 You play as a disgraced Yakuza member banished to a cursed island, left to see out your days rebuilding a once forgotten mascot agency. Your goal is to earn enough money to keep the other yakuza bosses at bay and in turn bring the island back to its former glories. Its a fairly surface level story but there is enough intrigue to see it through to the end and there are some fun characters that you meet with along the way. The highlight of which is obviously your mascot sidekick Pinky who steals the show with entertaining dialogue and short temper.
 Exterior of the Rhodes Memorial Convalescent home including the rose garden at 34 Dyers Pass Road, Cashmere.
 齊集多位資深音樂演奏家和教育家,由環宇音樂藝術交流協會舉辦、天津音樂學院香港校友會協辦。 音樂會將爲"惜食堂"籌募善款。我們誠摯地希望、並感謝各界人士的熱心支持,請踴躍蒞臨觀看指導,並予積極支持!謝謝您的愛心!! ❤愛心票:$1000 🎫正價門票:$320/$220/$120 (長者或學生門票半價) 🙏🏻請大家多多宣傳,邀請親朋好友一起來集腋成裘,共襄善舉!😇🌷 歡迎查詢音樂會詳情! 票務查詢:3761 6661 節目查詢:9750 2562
--
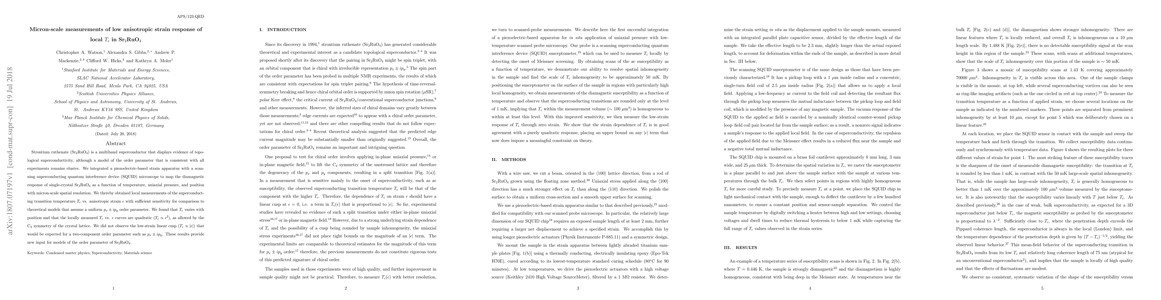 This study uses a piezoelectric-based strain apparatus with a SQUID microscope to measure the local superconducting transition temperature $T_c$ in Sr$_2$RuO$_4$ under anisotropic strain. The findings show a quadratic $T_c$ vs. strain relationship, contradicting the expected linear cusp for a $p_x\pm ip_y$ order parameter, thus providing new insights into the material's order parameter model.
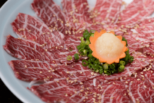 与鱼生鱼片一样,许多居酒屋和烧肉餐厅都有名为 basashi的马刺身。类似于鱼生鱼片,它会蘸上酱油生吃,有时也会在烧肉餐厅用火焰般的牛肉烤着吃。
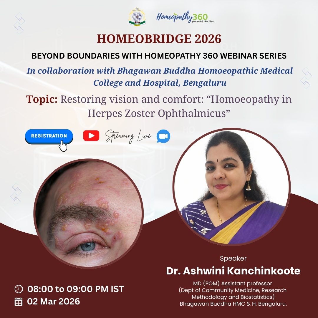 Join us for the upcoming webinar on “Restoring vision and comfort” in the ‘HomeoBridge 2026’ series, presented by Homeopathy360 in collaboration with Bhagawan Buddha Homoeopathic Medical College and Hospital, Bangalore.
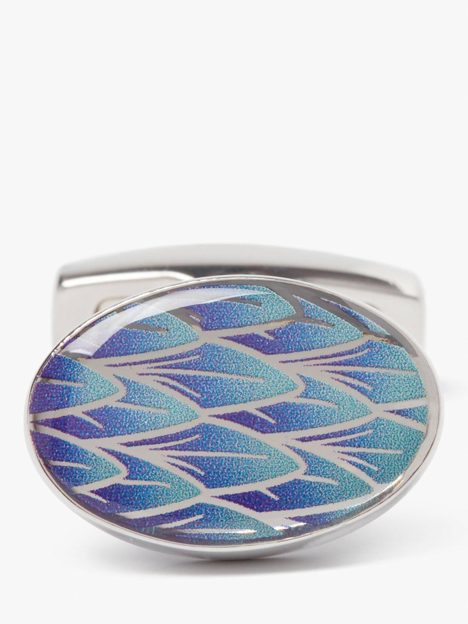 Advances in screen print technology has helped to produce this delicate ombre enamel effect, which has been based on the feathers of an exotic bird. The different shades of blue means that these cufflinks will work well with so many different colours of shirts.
...
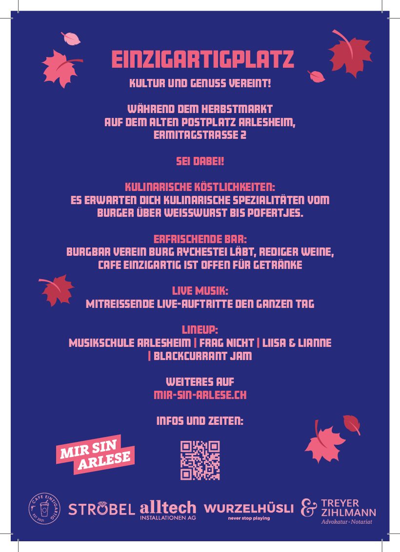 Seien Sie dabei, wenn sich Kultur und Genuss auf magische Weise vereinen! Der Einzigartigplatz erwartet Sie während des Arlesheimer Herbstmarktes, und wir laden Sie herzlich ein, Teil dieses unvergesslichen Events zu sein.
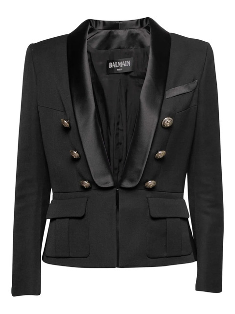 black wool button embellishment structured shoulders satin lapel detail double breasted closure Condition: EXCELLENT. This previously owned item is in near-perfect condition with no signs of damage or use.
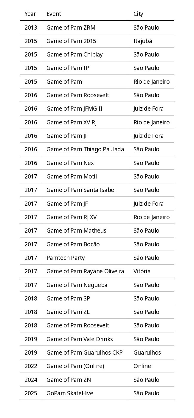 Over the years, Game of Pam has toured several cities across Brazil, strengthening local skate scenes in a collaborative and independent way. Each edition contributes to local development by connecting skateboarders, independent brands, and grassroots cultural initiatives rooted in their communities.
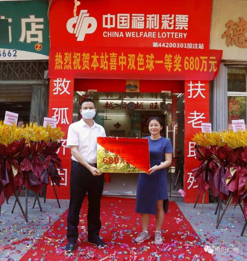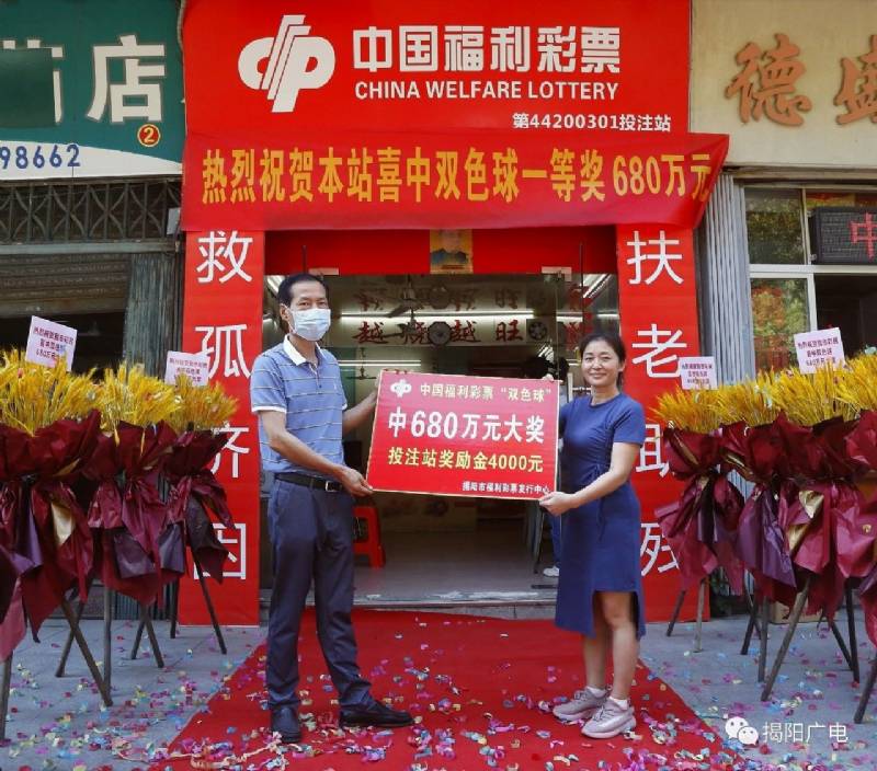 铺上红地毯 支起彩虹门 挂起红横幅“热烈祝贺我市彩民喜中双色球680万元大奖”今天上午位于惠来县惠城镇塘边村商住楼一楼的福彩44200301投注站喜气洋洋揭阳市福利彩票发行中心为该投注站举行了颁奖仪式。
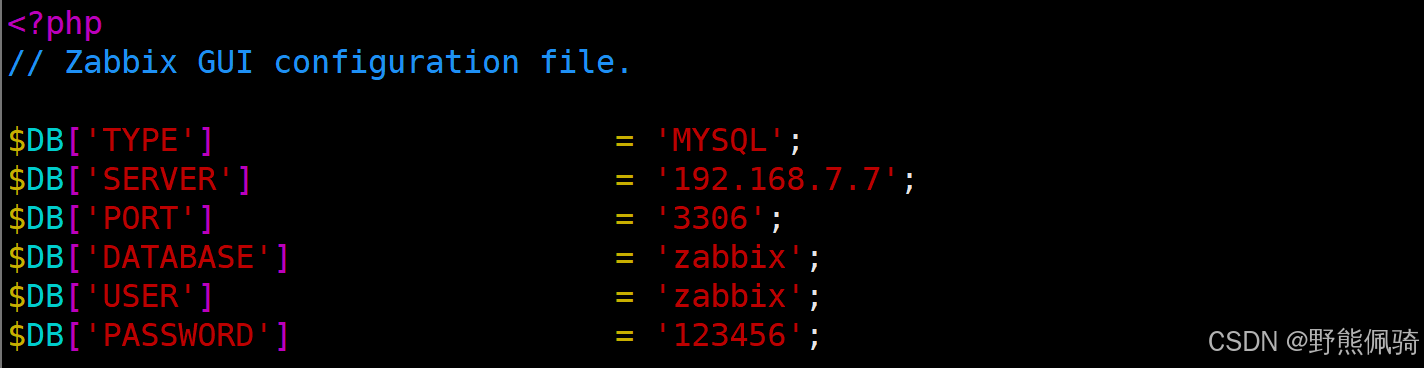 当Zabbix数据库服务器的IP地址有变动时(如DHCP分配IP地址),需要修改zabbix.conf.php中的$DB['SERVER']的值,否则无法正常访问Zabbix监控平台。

→ **EXERCISE GOAL**:
Retype only the lines above from the one with "black wool button" through the one with "当Zabbix数据库服务器的", exactly and with both ends. Images stay out.

→ **COMPLETED TASK**:
 black wool button embellishment structured shoulders satin lapel detail double breasted closure Condition: EXCELLENT. This previously owned item is in near-perfect condition with no signs of damage or use.
 Over the years, Game of Pam has toured several cities across Brazil, strengthening local skate scenes in a collaborative and independent way. Each edition contributes to local development by connecting skateboarders, independent brands, and grassroots cultural initiatives rooted in their communities.
 铺上红地毯 支起彩虹门 挂起红横幅“热烈祝贺我市彩民喜中双色球680万元大奖”今天上午位于惠来县惠城镇塘边村商住楼一楼的福彩44200301投注站喜气洋洋揭阳市福利彩票发行中心为该投注站举行了颁奖仪式。
 当Zabbix数据库服务器的IP地址有变动时(如DHCP分配IP地址),需要修改zabbix.conf.php中的$DB['SERVER']的值,否则无法正常访问Zabbix监控平台。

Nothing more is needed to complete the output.